Available data: Begin

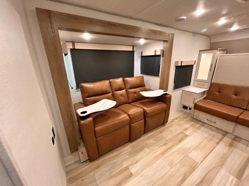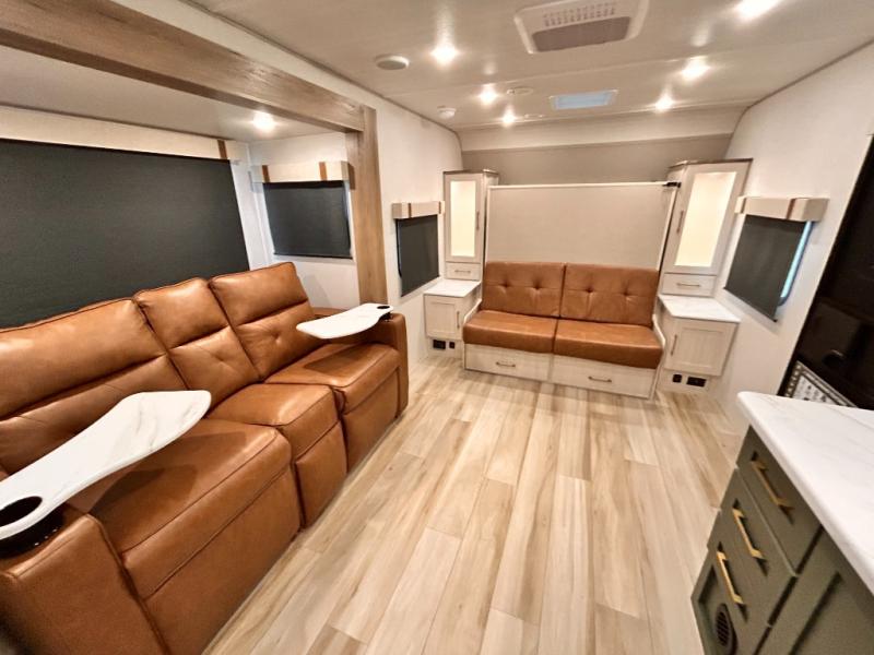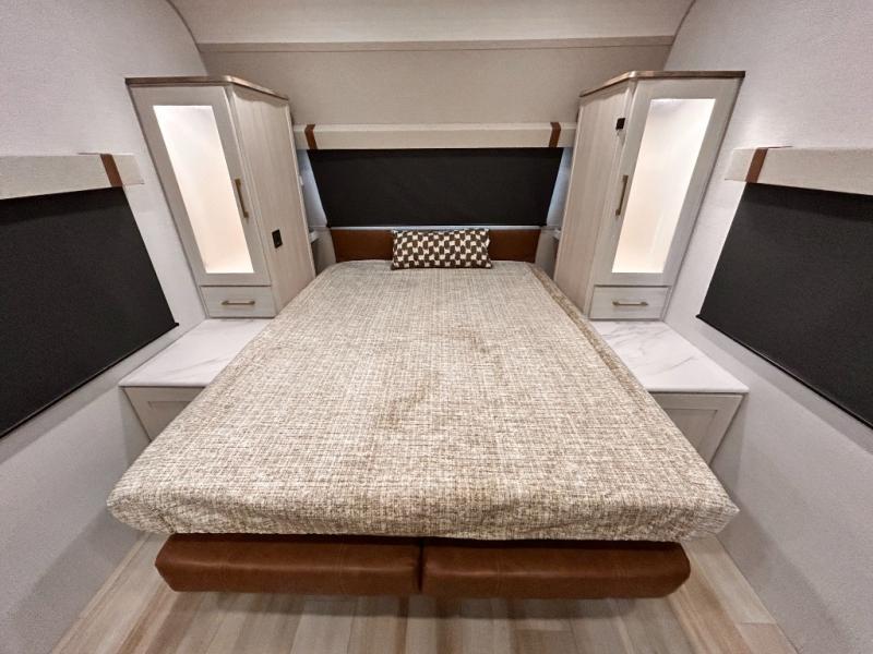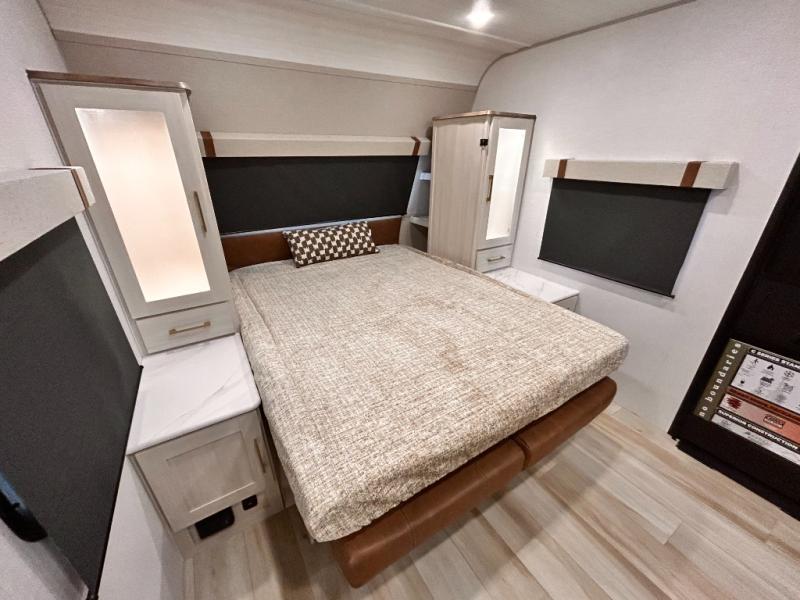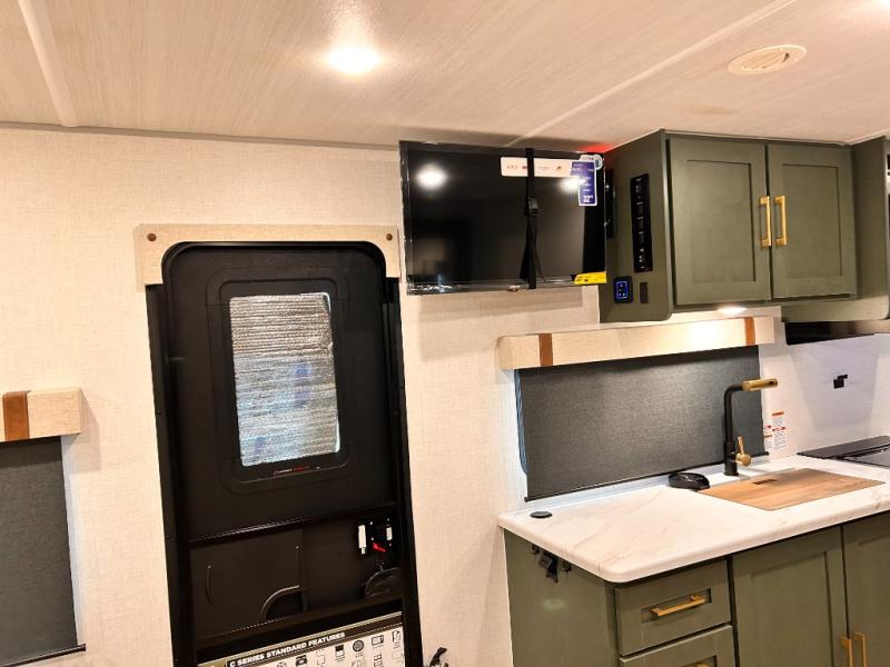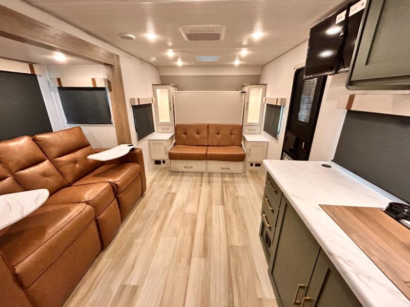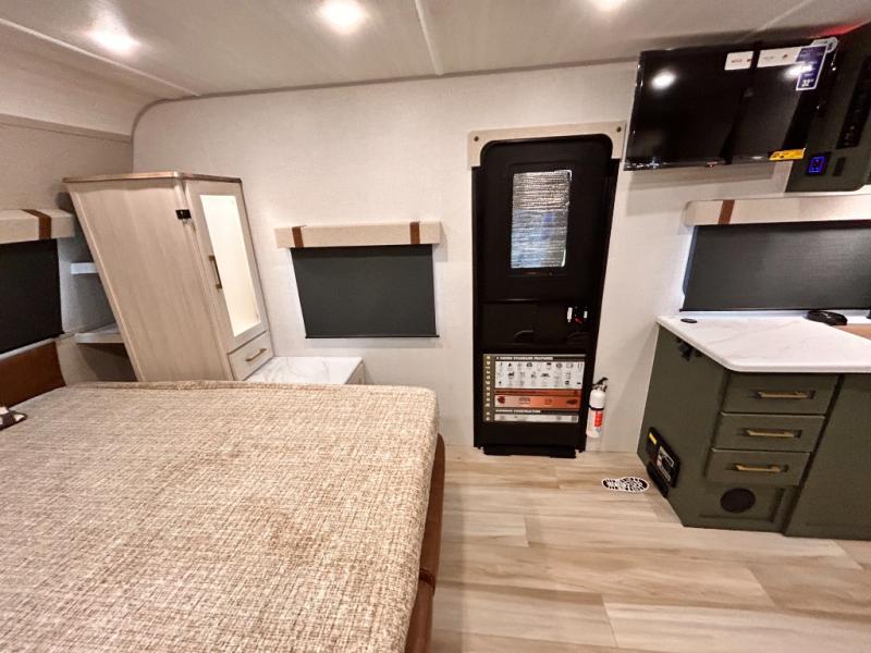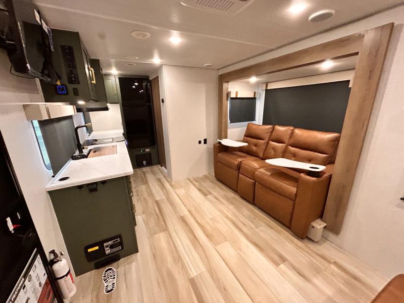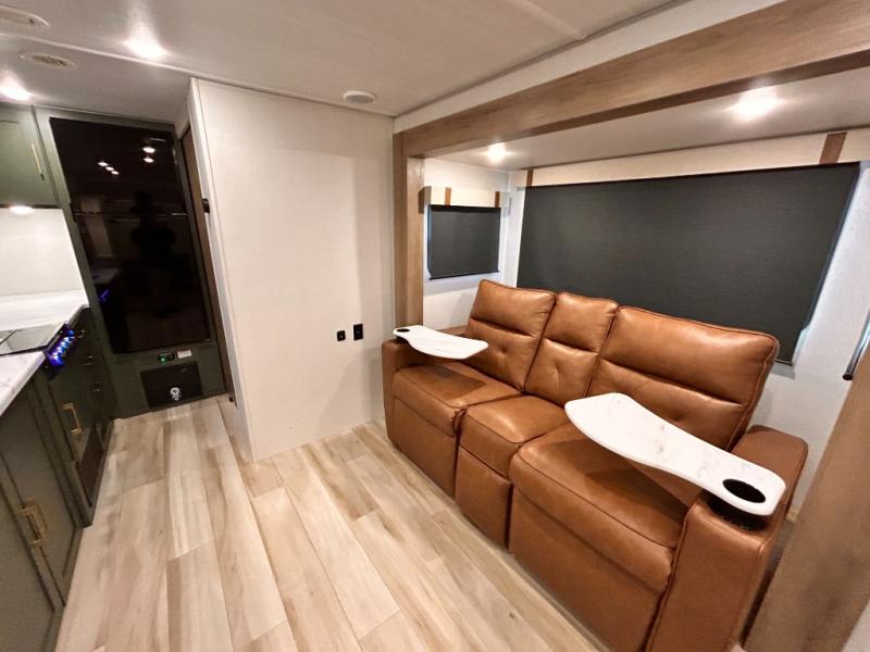 - EXTENDED SEASON READY - (ALUMINUM FRAMED FLOOR W/BLOCK FOAM INSULATION, SEALED UNDERBELLY W/FORCED HEAT & RADIANT FOIL BARRIER, 12V TANK HEATERS), FIBERGLASS FRONT CAP W/ LED LIGHTING, ALL TERRAIN TIRES W/ TPMS, 200W SOLAR PANEL & 30 AMP CONTROLLER, SOLAR INVERTER PREP, 15K BTU A/C, CENTRAL VAC SYSTEM W/HOSE KIT, 12V REFER, UPGRADED SLOW CLOSE SHOWER DOOR (SELECT MODELS), SURF(X)® SEAMLESS C’TOPS, AIR FRYER MICRO, UPGRADED DINETTE PEDESTAL LEG, LARGE KIT. SINK W/ CUP WASHER, BLUE TOOTH AUDIO W/MARINE GRADE SPEAKERS, SOLID ENTRY STEP(S), OUTDOOR KITCHEN, TANKLESS WATER HEATER, HOT & COLD EXT. SPAY PORT, PWR TONGUE JACK, SLAM LATCH BAGGAGE DOORS, ELEC AWNING W/LED LIGHT STRIP, BLACK GLASS FRICTION HINGE ENTRY DOOR(S), ROOF LADDER PREP, REAR CAMERA PREP, BATTERY DISCONNECT, INT & EXT MOTION LIGHTS, INT & EXT USB C-PORTS, 2" REAR ACCESSORY HITCH, SUPERIOR LAMINATED CONSTRUCTION FEATURING AZDEL COMPOSITE PANELS
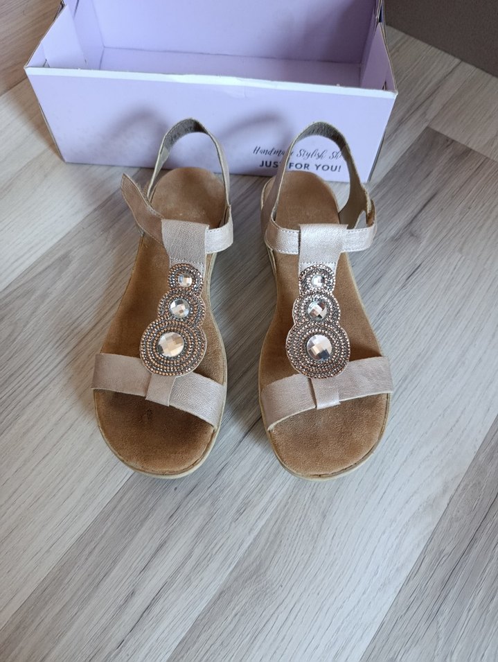 Bej süet malzemeden yapılmış, dolgu topuklu kadın sandalet. Bohem tarzında, tokalı ve baskılı desenlerle süslenmiş. Günlük kullanıma uygun, ORYOUI markalı.
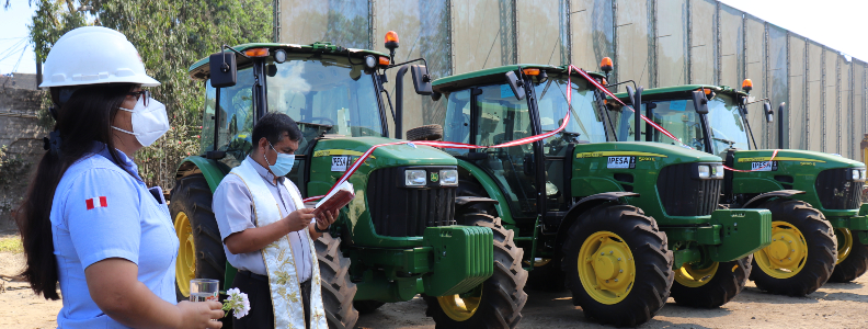 Sin embargo, antes de iniciar sus operaciones en el campo, invitamos al Rvdo. Padre Pedro Briceño para que brinde la tradicional bendición a las tres nuevas unidades y elevar sus oraciones por los colaboradores que la utilizaran en su día a día, así como a todos los integrantes del Departamento de Operaciones Agrícolas que estuvieron presentes en la pequeña ceremonia que se realizó en un espacio abierto y respetando la distancia entre los asistentes.

Available data: End

● **Activity**
I would like the lines from the one with "Bej süet malzemeden" through the last line of the data above retyped exactly, with pictures left out, please.

● **Answer to this exercise**
 Bej süet malzemeden yapılmış, dolgu topuklu kadın sandalet. Bohem tarzında, tokalı ve baskılı desenlerle süslenmiş. Günlük kullanıma uygun, ORYOUI markalı.
 Sin embargo, antes de iniciar sus operaciones en el campo, invitamos al Rvdo. Padre Pedro Briceño para que brinde la tradicional bendición a las tres nuevas unidades y elevar sus oraciones por los colaboradores que la utilizaran en su día a día, así como a todos los integrantes del Departamento de Operaciones Agrícolas que estuvieron presentes en la pequeña ceremonia que se realizó en un espacio abierto y respetando la distancia entre los asistentes.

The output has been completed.